And analyzing and processing the data according to the acquired data of the particulate matters in the air of the pharmaceutical workshop, and judging the performance of the air filter element according to the abnormal degree of the data. The application selects LOF abnormal data detection algorithm to process the acquired data. When abnormal data is detected through the LOF algorithm, the selection of the K value is a key problem, and the selection of the proper K value can improve the accuracy and the robustness of the LOF algorithm result.

Analysis of data on particulate matter in air, the particle size in units ofIn a pharmaceutical workshop, the size of the particulate matter in the air is generally required to be equally divided into two grades, 0.5 +.>And 5->Wherein the number requirements of different grades for different sizes of particulate matter are different as shown in the following table:

particle radius greater than or equal to 0.5 for both types of sizesLess than 5->And a particle radius of greater than or equal to 5>And (3) analyzing the particles, establishing corresponding two-dimensional data, and constructing a two-dimensional data scattered point distribution map. Wherein, the ordinate of the two-dimensional data scatter diagram is the density of particles in the air, namely the number of dust particles per cubic meter, the abscissa is the radius of the particles, and the unit is +.>. FIG. 2 shows that the radius of the particles is greater than or equal to 0.5 +.>Less than 5->The two-dimensional data scatter plot of the particulate matter constructed in other radius size ranges is constructed in the same way.
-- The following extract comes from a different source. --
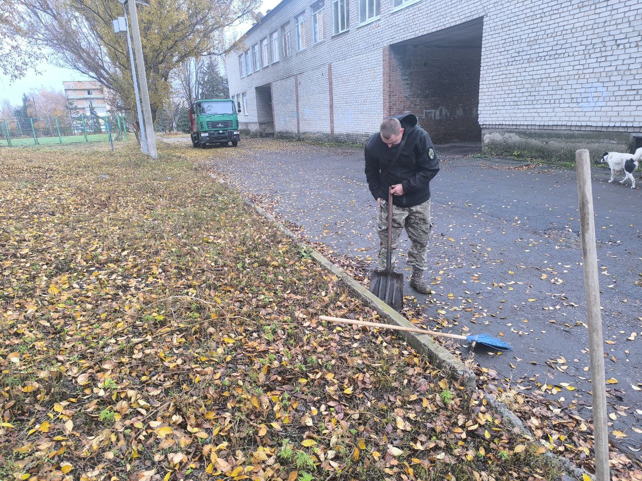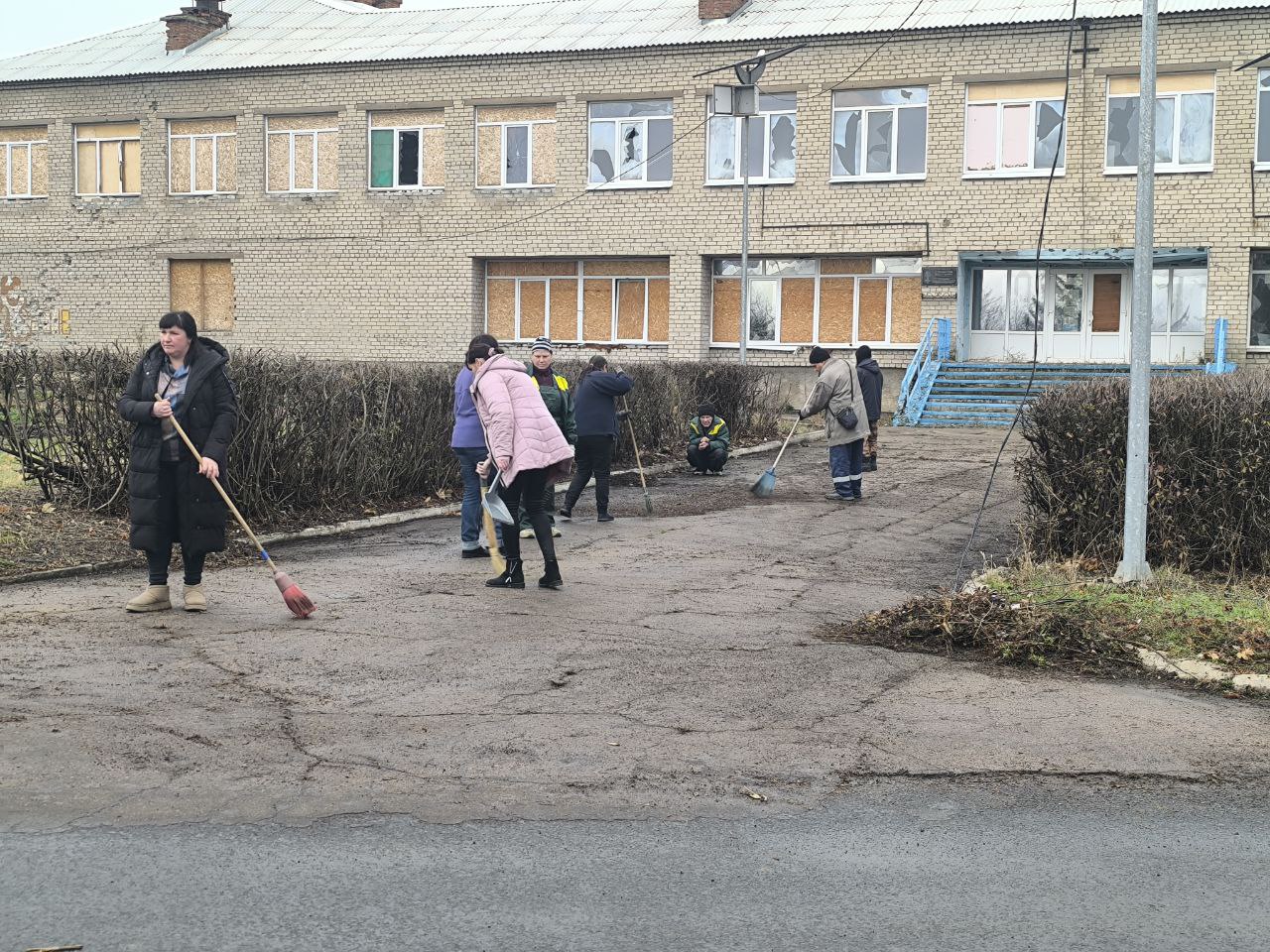 Совместными усилиями привели в порядок прилегающую территорию к школе, очистив её от опавшей листвы и веток

Processing data according to different areas in a workshop, wherein the A-level area is a high-risk operation area, such as a filling area, an area for placing a rubber plug barrel, an open ampoule bottle and an open penicillin bottle, and an area for sterile assembly line or connection operation; the B-level region is a background region where the A-level region is located and corresponds to hundred levels in the table; the C/D level area is relatively low, wherein the C level is ten thousand levels in the table, the D level is hundred thousand levels in the table, different levels have different requirements when analyzing the acquired data, and the accuracy of a critical value is ensured when abnormality detection is carried out.

The method is characterized in that analysis is carried out on the constructed data scatter diagram, in the original LOF algorithm, the value of K is artificially set, in the corresponding data scatter diagram, the density of data points in the diagram is not fixed, if the change of the density of the data points in the scatter diagram is not considered, the same K value is selected, the abnormal data detection effect is poor, and therefore the air filter element performance detection effect is affected. The application provides a pharmaceutical workshop air filter element performance detection method based on data analysis, which avoids the problem that an abnormal point with lower abnormality degree is regarded as a normal data point or the normal data point is misjudged as the abnormal point, improves the accuracy of abnormal data detection and improves the effect of detecting the air filter element performance.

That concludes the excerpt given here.